Gliosarcomas have a similar cytogenetic profile to primary GBM with the exception of epidermal growth factor receptor (EGFR) amplification [22], which is rare in gliosarcomas, while EGFR is overexpressed in about 50% of GBM cases [23]. Although EGFR amplification was not observed in our patient, the histopathological analysis demonstrated two morphological features--necrosis and endothelial proliferation, essential for GBM diagnosis.

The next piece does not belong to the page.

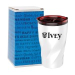 Toast the success of your next campaign with this 14 oz. stainless steel twisting tumbler! Offered in black or white, this stylish tumbler features a polypropylene insert and twisted exterior that will help separate your brand from the bunch. 6″ H x 3.5″ Diameter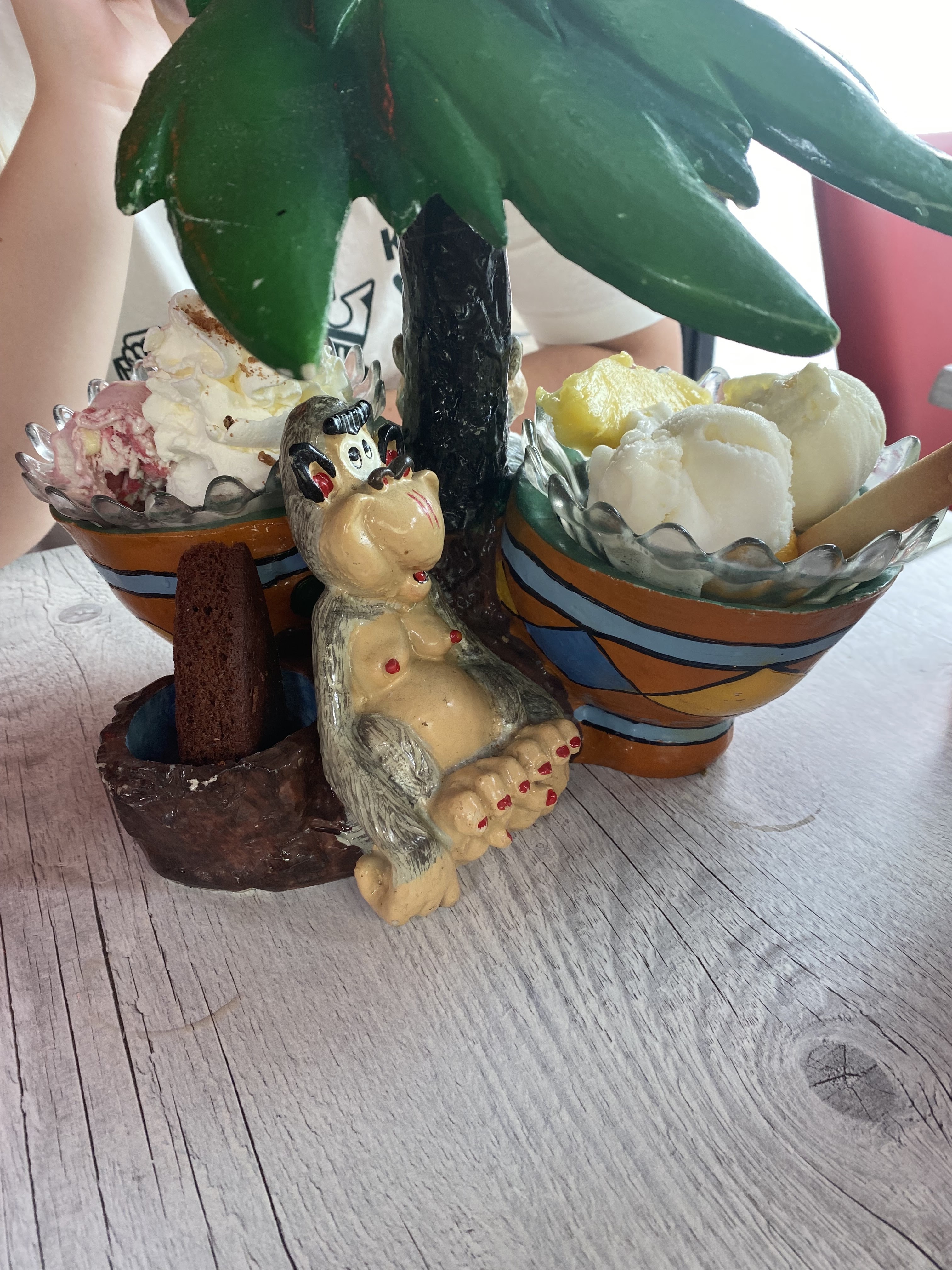 Posté le 18/08/2022 à 15:23" Je viens d'appeler pour un verre et une glace pour les enfants. Bel endroit avec une hôtesse très gentille et patiente qui supporte notre terrible franglais. Notre coupe glacée était présentée dans le plat de service le plus étonnant que nous ayons jamais vu, avec un gâteau et des fruits frais. Bonne bière aussi. "

It has been reported that post-treatment gliosarcomas have a greater potential to metastasize compared to primary gliosarcomas [6], but they rarely destroy the adjacent bone and extend into the underlying skull base. We are not currently aware of any cases reporting post-treatment gliosarcoma with extracranial extension. There are reports of this behavior in a few primary gliosarcoma cases [18-21], but this has not yet been reported among post-treatment gliosarcomas. Due to the rarity of gliosarcomas, unclear mechanisms of pathogenesis, and limited clinical experience, clinical management of these tumors is challenging. Similar to the treatment of GBM, an extensive multimodality approach is recommended for treatment of primary gliosarcomas. Sade et al., [20] reported a 6 cm primary temporal gliosarcoma tumor spreading into the infratemporal fossa and the posterolateral sphenoid sinus. Gross total resection of the tumor was performed, and the patient was recurrence-free at the 12-month follow-up evaluation after undergoing treatment with fractionated whole brain radiotherapy and temozolomide. The same management recommendations may not apply to the patients with post-treatment gliosarcomas because the possibilities are limited after the primary GBM treatment and prognosis is dismal. A median survival of 4.4 months (range, 0.7 – 46) was reported for a total of 30 post-treatment gliosarcoma patients [2], and gross total resection was performed in 21 (70%) patients. Chemotherapy with different agents was provided for 14 (47%) patients, and only 5 (17%) patients received either external beam radiation therapy or gamma knife surgery. Due to the highly invasive nature of extracranial extensions, only partial resection was possible in this case as the tumor invaded the bone including along the cavernous sinuses.

Conclusions

This is the first report of primary GBM that evolved into secondary or post-treatment gliosarcoma without evidence of a second de novo tumor and with extension into the left pterygomaxillary fossa. There are a few cases of primary gliosarcomas with extracranial extension, but this was not reported among post-treatment gliosarcomas. Due to the rarity of gliosarcomas, unclear mechanisms of pathogenesis, and limited clinical experience; clinical management of these tumors is challenging. In the case presented here, the survival time was 32 and 2 months from GBM and gliosarcoma diagnoses, respectively.